- _Records from a data source_
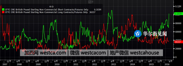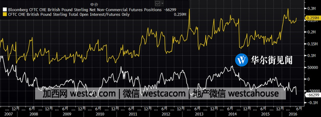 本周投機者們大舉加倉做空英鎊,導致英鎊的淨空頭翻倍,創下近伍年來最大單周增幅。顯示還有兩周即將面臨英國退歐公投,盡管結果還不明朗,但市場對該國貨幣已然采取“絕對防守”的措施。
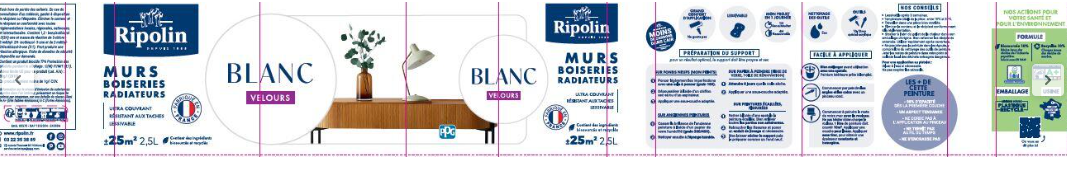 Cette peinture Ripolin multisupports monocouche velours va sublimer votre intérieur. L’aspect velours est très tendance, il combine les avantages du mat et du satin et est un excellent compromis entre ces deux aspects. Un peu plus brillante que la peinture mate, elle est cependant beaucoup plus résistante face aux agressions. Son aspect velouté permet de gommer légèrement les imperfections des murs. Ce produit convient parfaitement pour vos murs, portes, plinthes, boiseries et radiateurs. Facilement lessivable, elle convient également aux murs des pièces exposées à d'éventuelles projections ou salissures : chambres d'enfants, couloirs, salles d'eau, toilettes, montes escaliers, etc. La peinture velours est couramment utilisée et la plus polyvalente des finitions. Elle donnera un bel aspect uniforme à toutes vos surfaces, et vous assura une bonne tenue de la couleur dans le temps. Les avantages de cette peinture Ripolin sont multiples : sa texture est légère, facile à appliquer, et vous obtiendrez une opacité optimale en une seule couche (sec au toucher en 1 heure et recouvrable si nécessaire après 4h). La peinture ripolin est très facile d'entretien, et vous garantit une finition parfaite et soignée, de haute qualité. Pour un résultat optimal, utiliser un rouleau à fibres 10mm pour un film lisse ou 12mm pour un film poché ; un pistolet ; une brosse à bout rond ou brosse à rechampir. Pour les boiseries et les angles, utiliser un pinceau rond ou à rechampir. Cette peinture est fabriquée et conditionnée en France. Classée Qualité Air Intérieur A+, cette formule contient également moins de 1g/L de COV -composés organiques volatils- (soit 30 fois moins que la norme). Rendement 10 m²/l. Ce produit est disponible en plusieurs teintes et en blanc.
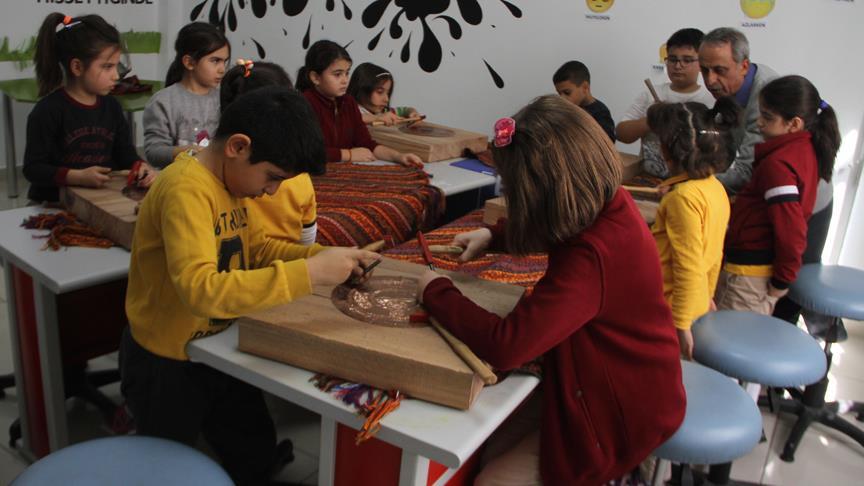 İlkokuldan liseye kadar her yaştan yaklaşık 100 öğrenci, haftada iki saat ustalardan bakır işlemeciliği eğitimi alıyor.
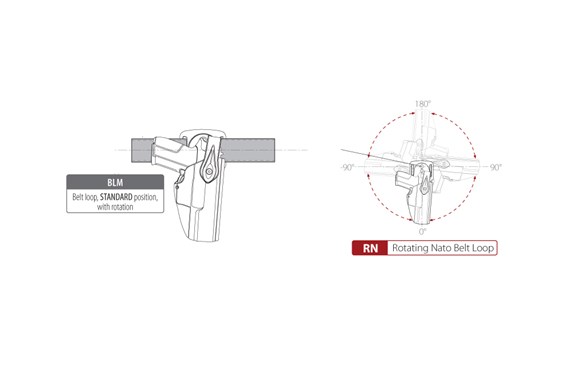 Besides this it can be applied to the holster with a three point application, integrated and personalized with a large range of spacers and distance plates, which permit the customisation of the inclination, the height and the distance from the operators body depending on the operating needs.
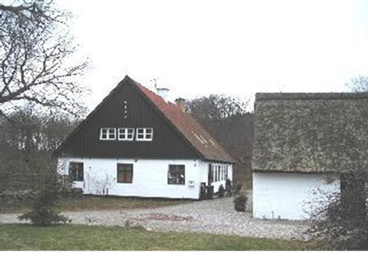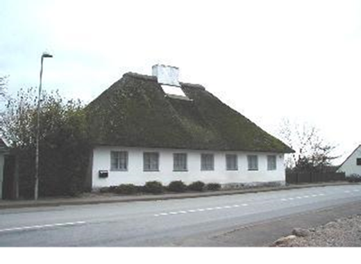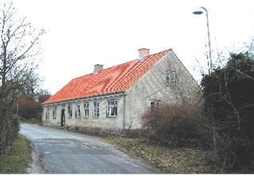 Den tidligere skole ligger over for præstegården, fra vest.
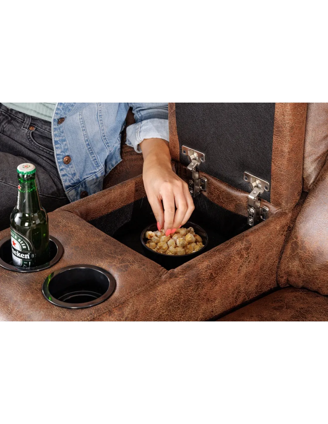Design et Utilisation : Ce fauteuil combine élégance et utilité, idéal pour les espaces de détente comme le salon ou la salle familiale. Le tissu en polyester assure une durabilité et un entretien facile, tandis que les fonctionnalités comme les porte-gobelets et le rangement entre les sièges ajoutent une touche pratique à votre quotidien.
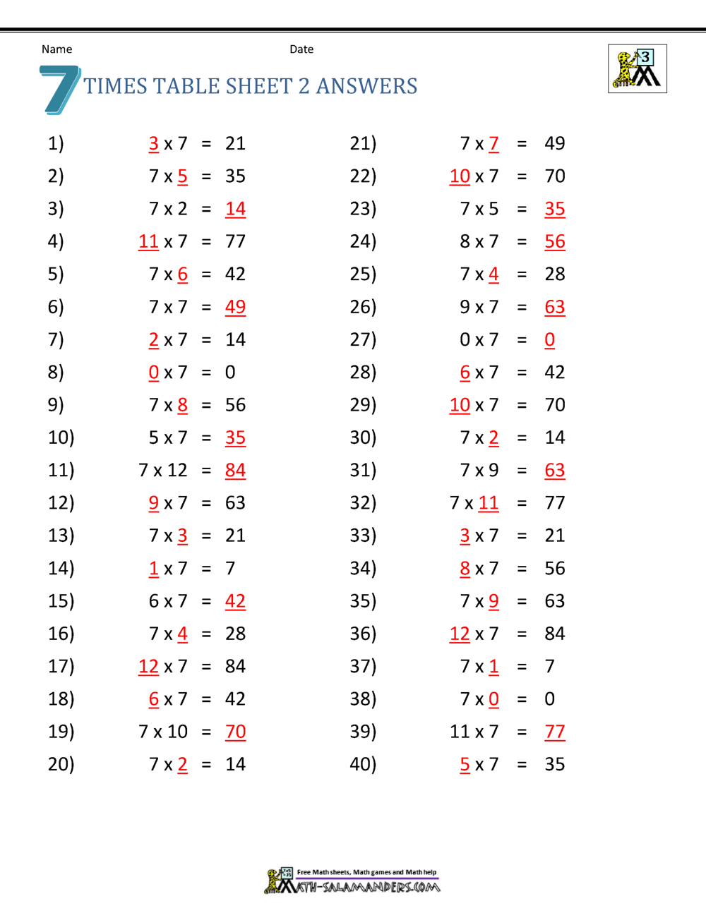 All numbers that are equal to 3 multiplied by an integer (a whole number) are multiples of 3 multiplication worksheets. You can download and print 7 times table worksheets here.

- _Instructions for the task_
Retype each record exactly as it appears above and drop the images.

- _Written response_
 本周投機者們大舉加倉做空英鎊,導致英鎊的淨空頭翻倍,創下近伍年來最大單周增幅。顯示還有兩周即將面臨英國退歐公投,盡管結果還不明朗,但市場對該國貨幣已然采取“絕對防守”的措施。
 Cette peinture Ripolin multisupports monocouche velours va sublimer votre intérieur. L’aspect velours est très tendance, il combine les avantages du mat et du satin et est un excellent compromis entre ces deux aspects. Un peu plus brillante que la peinture mate, elle est cependant beaucoup plus résistante face aux agressions. Son aspect velouté permet de gommer légèrement les imperfections des murs. Ce produit convient parfaitement pour vos murs, portes, plinthes, boiseries et radiateurs. Facilement lessivable, elle convient également aux murs des pièces exposées à d'éventuelles projections ou salissures : chambres d'enfants, couloirs, salles d'eau, toilettes, montes escaliers, etc. La peinture velours est couramment utilisée et la plus polyvalente des finitions. Elle donnera un bel aspect uniforme à toutes vos surfaces, et vous assura une bonne tenue de la couleur dans le temps. Les avantages de cette peinture Ripolin sont multiples : sa texture est légère, facile à appliquer, et vous obtiendrez une opacité optimale en une seule couche (sec au toucher en 1 heure et recouvrable si nécessaire après 4h). La peinture ripolin est très facile d'entretien, et vous garantit une finition parfaite et soignée, de haute qualité. Pour un résultat optimal, utiliser un rouleau à fibres 10mm pour un film lisse ou 12mm pour un film poché ; un pistolet ; une brosse à bout rond ou brosse à rechampir. Pour les boiseries et les angles, utiliser un pinceau rond ou à rechampir. Cette peinture est fabriquée et conditionnée en France. Classée Qualité Air Intérieur A+, cette formule contient également moins de 1g/L de COV -composés organiques volatils- (soit 30 fois moins que la norme). Rendement 10 m²/l. Ce produit est disponible en plusieurs teintes et en blanc.
 İlkokuldan liseye kadar her yaştan yaklaşık 100 öğrenci, haftada iki saat ustalardan bakır işlemeciliği eğitimi alıyor.
 Besides this it can be applied to the holster with a three point application, integrated and personalized with a large range of spacers and distance plates, which permit the customisation of the inclination, the height and the distance from the operators body depending on the operating needs.
 Den tidligere skole ligger over for præstegården, fra vest.
Design et Utilisation : Ce fauteuil combine élégance et utilité, idéal pour les espaces de détente comme le salon ou la salle familiale. Le tissu en polyester assure une durabilité et un entretien facile, tandis que les fonctionnalités comme les porte-gobelets et le rangement entre les sièges ajoutent une touche pratique à votre quotidien.
 All numbers that are equal to 3 multiplied by an integer (a whole number) are multiples of 3 multiplication worksheets. You can download and print 7 times table worksheets here.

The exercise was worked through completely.